News readers have some features the chan software may not have: multiple attachments, non-image attachments, subject, posts referencing non-root posts, HTML text.
Open question: how should this be handled by the chan software for viewing?
# Extensions
## Control suggestion
A control suggestion is a single message containing lines with commands, message-ID and extra information separated by spaces.
### Commands
sticky: sticky this thread
delete-x-all: delete all attachments from this article
delete: delete the whole article
### Format
Content-Type: text/plain; charset=UTF-8
Content-Transfer-Encoding: 8bit
From: anonymous <foo@bar.ano>
Date: Thu, 02 May 2013 12:16:44 +0000
Message-ID: <h2cykk1lwlmuqao2qiy@foo.bar>
Newsgroups: ctl
Subject: none
Path: censorship.fleet
X-Sage: optional
delete-x-all <message-ID>
delete <message-ID>
delete <message-ID>
Messages to control are separated by at least one line break.
### Examples
Delete all attachments from message with ID ``message-ID``
delete-x-all <message-ID>
Please sticky thread with OP ``message-ID`` till UNIX timestamp ``1380000000``
sticky <message-ID> unix_timestamp 1380000000
### Convention
We send control suggestions to newsgroup ``ctl``. Full deletion of a root post results in removal of corresponding thread.
### Signatures
As users give their secret key to the frontend they expect every form field to be verified on all ends.

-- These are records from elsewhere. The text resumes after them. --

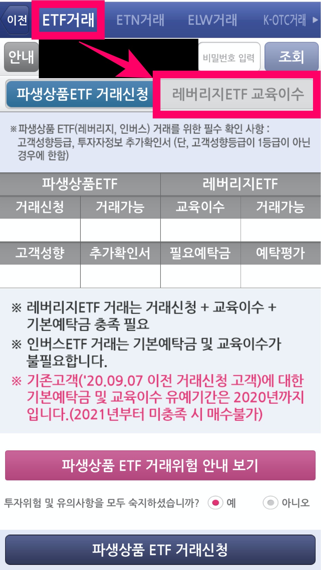 3. "ETF거래"를 클릭한 뒤, "레버리지ETF교육이수"를 클릭합니다.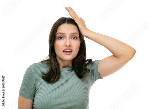 © Andrew Mayovskyy, Fototapeta premium Close up portrait of surprised girl grimace on her face, with mouth opened in shout isolated on white. Beautiful young caucasian woman touching her head with shock impression posing in studio.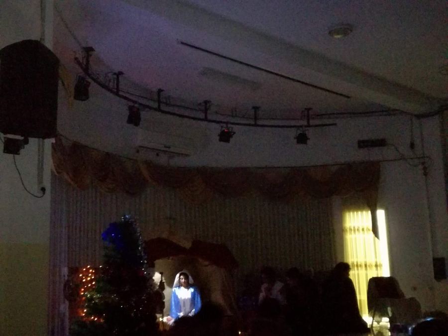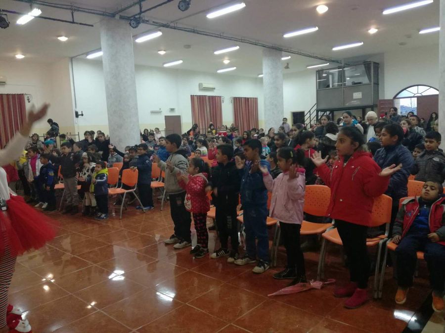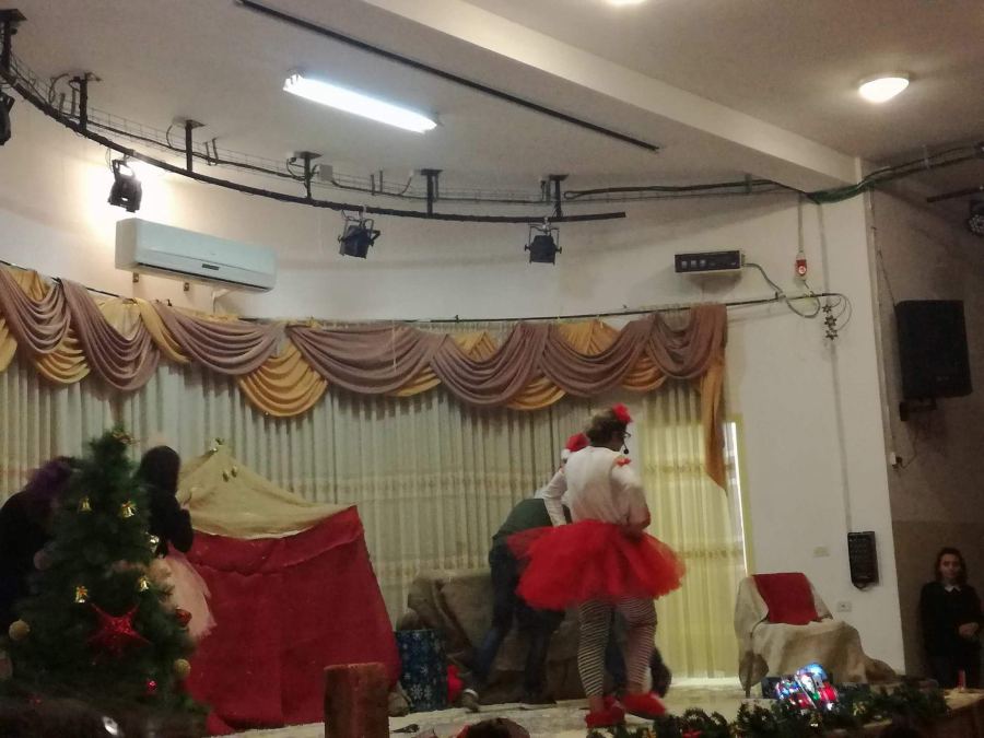 وكان لفرقة جمعية الكتاب المقدس المسرحية عرضها المميز و الذي بدأ بالرقص مع الأطفال على أنغام ترانيم العيد، ثم العرض المسرحي الهادف والذي أرسلت من خلاله الفرقه رسالة مُبسطة للأطفال ب ضرورة التمسك بْ جوهر العيد وهو ولادة الطفل يسوع ومن ثم الإهتمام بالشكليات من الزينة و الإحتفالات و الهدايا ، ومن هنا علينا جميعا الإستعداد لإستقبال طفل المغارة بقلب مُحب و مُسامح.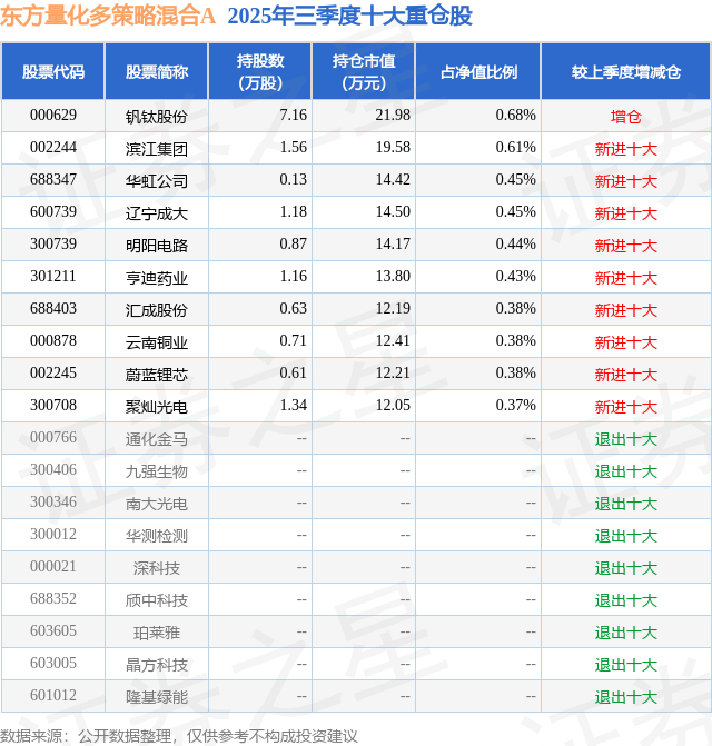 根据2025基金Q3季报公募基金重仓股数据,重仓该股的公募基金共1家,其中持有数量最多的公募基金为东方基金的东方量化多策略混合A。东方量化多策略混合A目前规模为0.29亿元,最新净值0.9323(12月4日),较上一交易日下跌0.1%,近一年上涨21.71%。该公募基金现任基金经理为盛泽 王怀勋。盛泽在任的基金产品包括:东方岳灵活配置混合,管理时间为2018年9月12日至今,期间收益率为126.12%;东方核心动力混合A,管理时间为2019年9月17日至今,期间收益率为73.84%;东方沪深300指数增强A,管理时间为2022年11月8日至今,期间收益率为21.02%。王怀勋在任的基金产品包括:东方量化成长灵活配置混合A,管理时间为2022年5月17日至今,期间收益率为55.97%;东方沪深300指数增强A,管理时间为2025年9月16日至今,期间收益率为0.26%;东方中证A500指数增强A,管理时间为2025年9月16日至今,期间收益率为0.29%。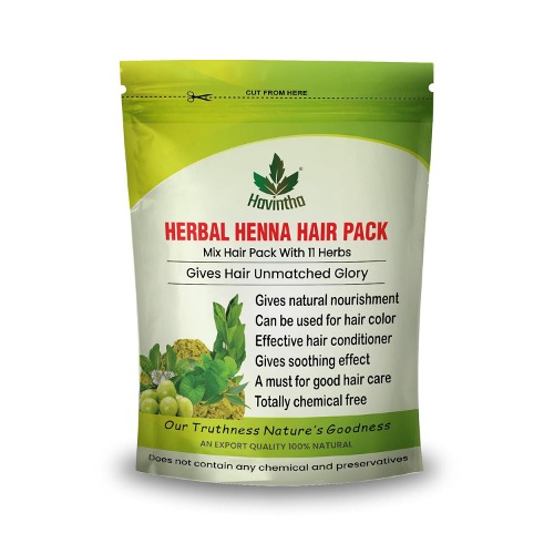 Herbal henna hair pack with 11 herbs to promote natural hair health, shine, and color enhancement without harsh chemicals.
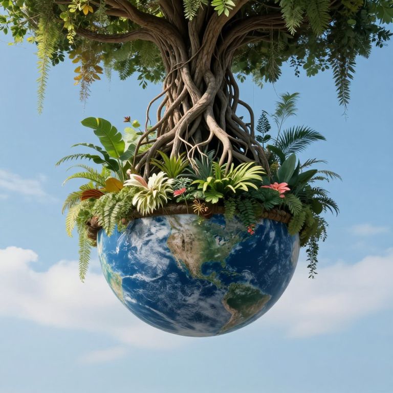 Suspended between earth and sky, this inverted garden whispers a paradoxical serenity, where gravity defies logic and roots reach for the heavens, embodying the eternal dance between grounded reality and boundless imagination.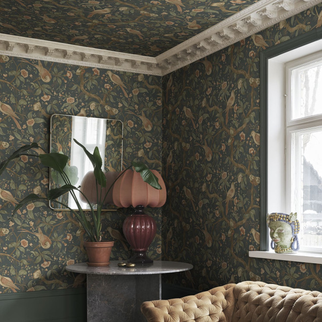 Alexa, Classic Blue, Sandberg Tapet cu Model Floral și Păsări pentru Interioare Elegante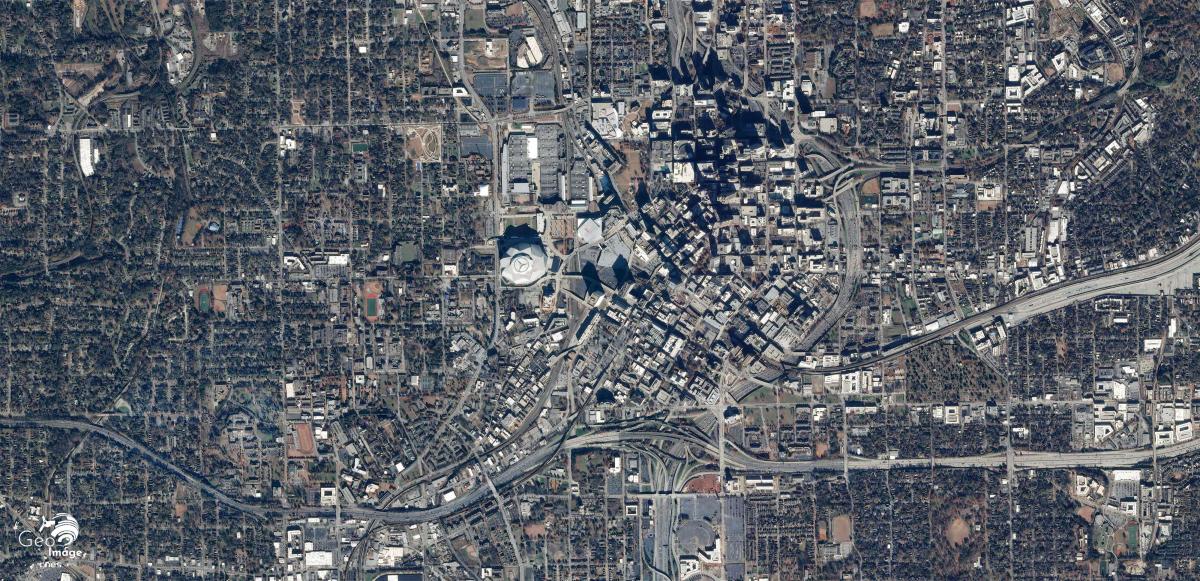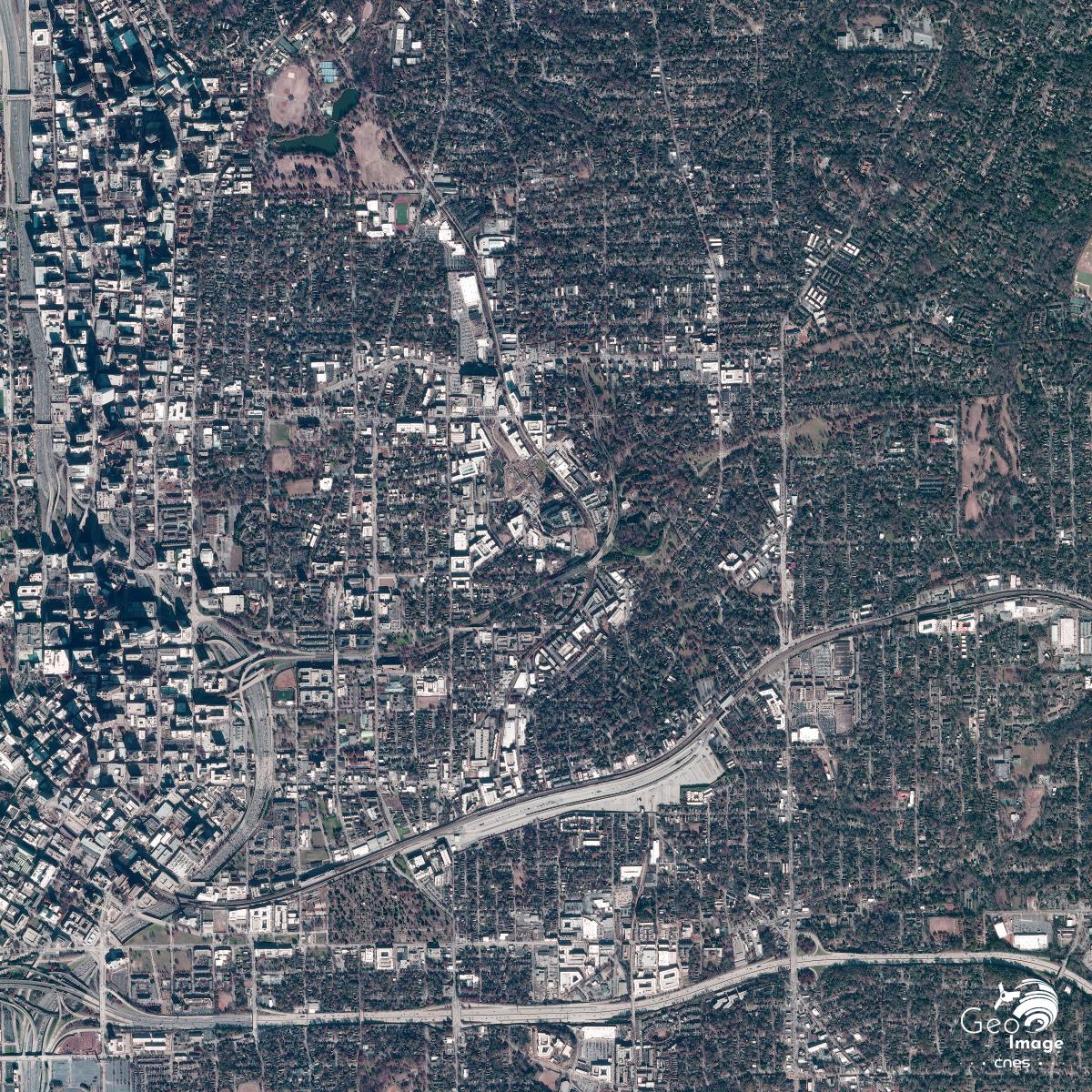 L’expansion de la ville s’est d’abord faite vers le nord, où l’on trouve les quartiers les plus denses, Midtown ou Buckhead, avant de se développer le long des axes autoroutiers structurants, les Interstate 20 et 85, vers le sud, l’ouest et surtout l’est. Ces deux axes sont clairement visibles sur l'image satellite. L'Interstate 85, d'orientation nord-sud structure la ville et ses quartiers et le métro d'Atlanta reprend son orientation. L'Interstate 20, d'axe est-ouest délimite la ville plus au sud et donne naissance à un impressionnant nœud autoroutier à sa rencontre avec l'interstate 85, bien visible au sud de la ville, qui a hérité du nom de Spaghetti jonction, comme d'autres nœuds routiers majeurs des États-Unis.

This includes the comment field and headers. In the following we suggest a protocol to sign optional headers.
We sign a SHA512 hash of the message body using primitive Ed25519 as defined by SUPERCOP and libsodium. Therefore this system does not inherit any collision resilience from Ed25519, a hash collision is a signature collision.
Signing M vs. Signing H(M)
method space time
S(M) O(n) O(n)
S(H(M)) O(1) O(n)
S: Sign
H: Hash
M: Message
Input for block based hashing algorithms like SHA-512 can be streamed, only keeping a fixed blocked size in memory instead of all blocks. In case of SHA-512 these message blocks are 1024 bit and the hash to sign 512 bit. Optimized ``S(H(M))`` implementations require a constant amount memory as opposed to a linear requirement in ``S(M)``.

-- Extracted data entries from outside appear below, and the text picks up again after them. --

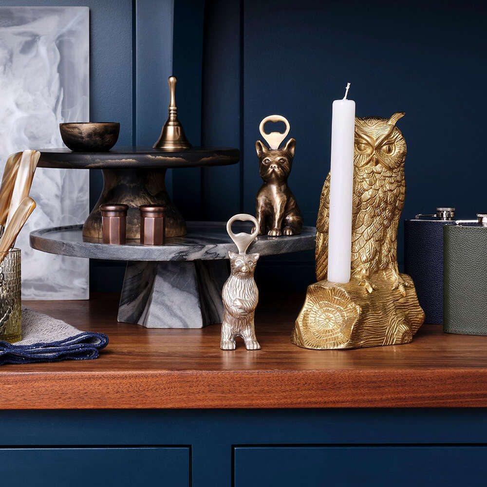 Expertly designed and detailed, the Benjamin bottle opener stands on its own two feet. Choose from Antique Brass or Antique Pewter Brass finishes, in Mini or Large sizes.
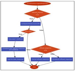 Figure 7 explains the steps taken for sending the task offload response by potential surrogates and how the network scalability is increased by reducing the broadcast storm through mitigating the unnecessary flooding of task response messages by surrogates.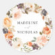 Elegantes etiquetas de boda florales de otoño para invitaciones de boda y/o favores con una corona de flores acuarelas, suculentos y hojas en tonos rosas, melocotones, naranjas, crema, marrón y verde. Personalice los stickers rústicos de boda floral añadiendo sus nombres. Diseñado para coordinar con nuestra colección de bodas acuarelas Rustic Fall Floral.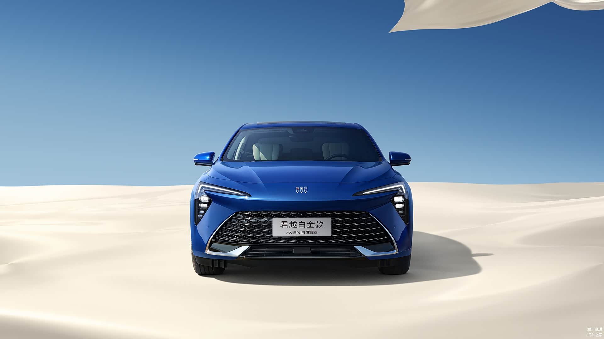外观方面,2025款别克君越白金款延续品牌最新的PURE Design纯粹设计理念,整体造型与2024款车型没有本质差异,主要是对前格栅内部装饰进行了更新。在此基础上,白金版艾维亚车型在车身细节处镶嵌有“Avenir”字标,并且除了“朗黑”、“玉白”、“坦银”车身颜色外,还提供专属“帝王蓝”车漆。车身尺寸方面,2025款别克君越白金款的长宽高分别为4996/1866/1475(1472)毫米,轴距为2905毫米。

### Format for signing messages (RFC 822)
Outer headers start with ``Content-Type: message/rfc822`` when there are signed headers or at least an attachment,
which requires ``Content-Type: multipart/mixed`` to be signed as well as an inner header.

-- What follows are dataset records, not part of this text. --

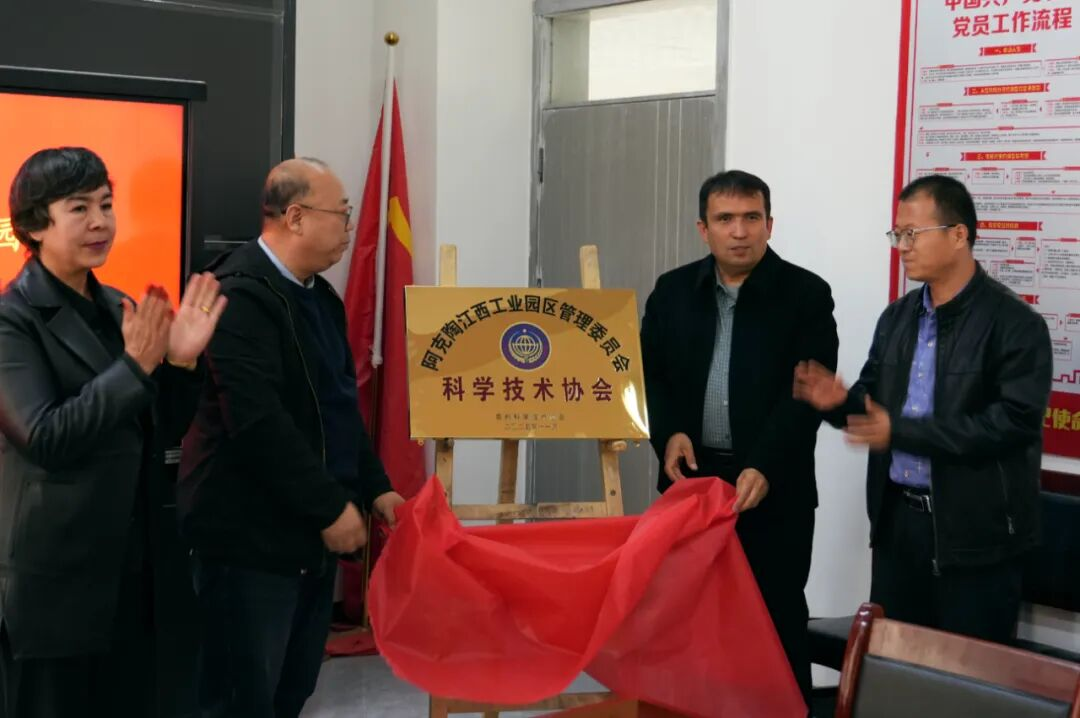 ▲图为阿克陶江西工业园区科学技术协会成立揭牌仪式。全媒体记者阿依妮萨罕·麦麦提吾西尔摄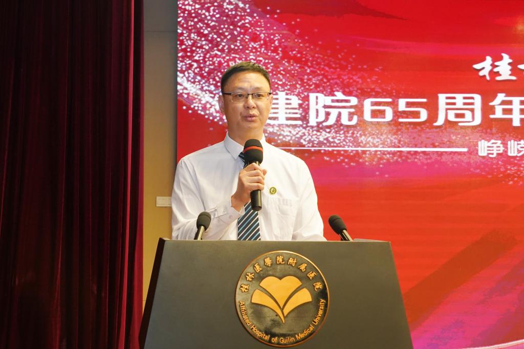 张志勇发表讲话。今天,桂林医学院附属医院迎来了65周年院庆。值此喜庆时刻,张志勇代表学校党委行政,向附属医院的全体师生、全体医护人员表示热烈祝贺!向长期关心、支持附属医院教育、卫生事业发展的各位领导、各界朋友表示崇高的敬意和由衷的感谢!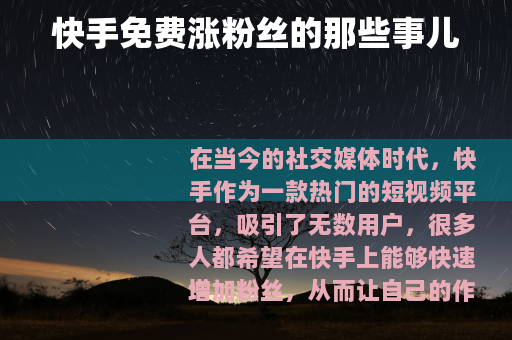在当今的社交媒体时代,快手作为一款热门的短视频平台,吸引了无数用户,很多人都希望在快手上能够快速增加粉丝,从而让自己的作品获得更多的关注和认可,一些所谓的“快手免费涨1000粉丝网站”便应运而生。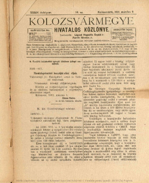 Kolozsvármegye Hivatalos Közlönye

Otherwise you can use ``Content-Type: text/plain``, in which case you just sign the body.
Outer headers include ``X-pubkey-ed25519`` and ``X-signature-ed25519-sha512``, inner headers need verification.
``X-pubkey-ed25519`` is 64 characters long, 32 byte public key in base 16: ``Base16(PK)``
``X-signature-ed25519-sha512`` is 128 characters long, 64 byte signature in base 16: ``Base16(S(SK,H(M)))``
The signed message equals body of the outer message. It begins at first inner header (in this example ``Content-Type: text/plain``) and includes the inner body. Lines are separated by ``<CRLF>``.
Please include a ``Content-Type`` header in the inner message as suggested by RFC822.
Symbol Function
Base16 function that will take an arbitrary amount of octets and encode them to Base 16 with character set "0123456789abcdef"
SK 64 bytes secret key
PK 32 bytes public key, can be generated from signSeedKeypair(take32(SK))
M message body
H function that will hash an arbitrary amount of octets using SHA-512, returning 64 bytes
S(SK,M) function that will sign an arbitrary amount of octets M using Ed25519 with secret key SK, returning only the first 64 bytes
take32 function that takes any amount of binary data and returns the first 32 bytes
#### Example
Content-Type: message/rfc822; charset=UTF-8
Content-Transfer-Encoding: 8bit
From: anonymous <foo@bar.ano>
Date: Thu, 02 May 2013 12:16:44 +0000
Message-ID: <h2cykk1lwlmuqao2qiy@foo.bar>
Newsgroups: ctl
Subject: none
Path: censorship.fleet
X-pubkey-ed25519: 37c16fa40c2bade813b53b65107a064d02becfa5635acf3241003a61cb137ea3
X-signature-ed25519-sha512: a850ccd788d71ed19de8dfa061b9f1f4f506810a01ed1391433e893a3e6305b4944168760d97f2517bcfe786aef1ccfc34fb7bb1b77531 82aebf2bdd0303150f
Content-Type: text/plain; charset=UTF-8
Date: Thu, 02 May 2013 12:16:44 +0000
delete-x-all <message-ID>
delete <message-ID>
delete <message-ID
In this example header Date needs verification, too.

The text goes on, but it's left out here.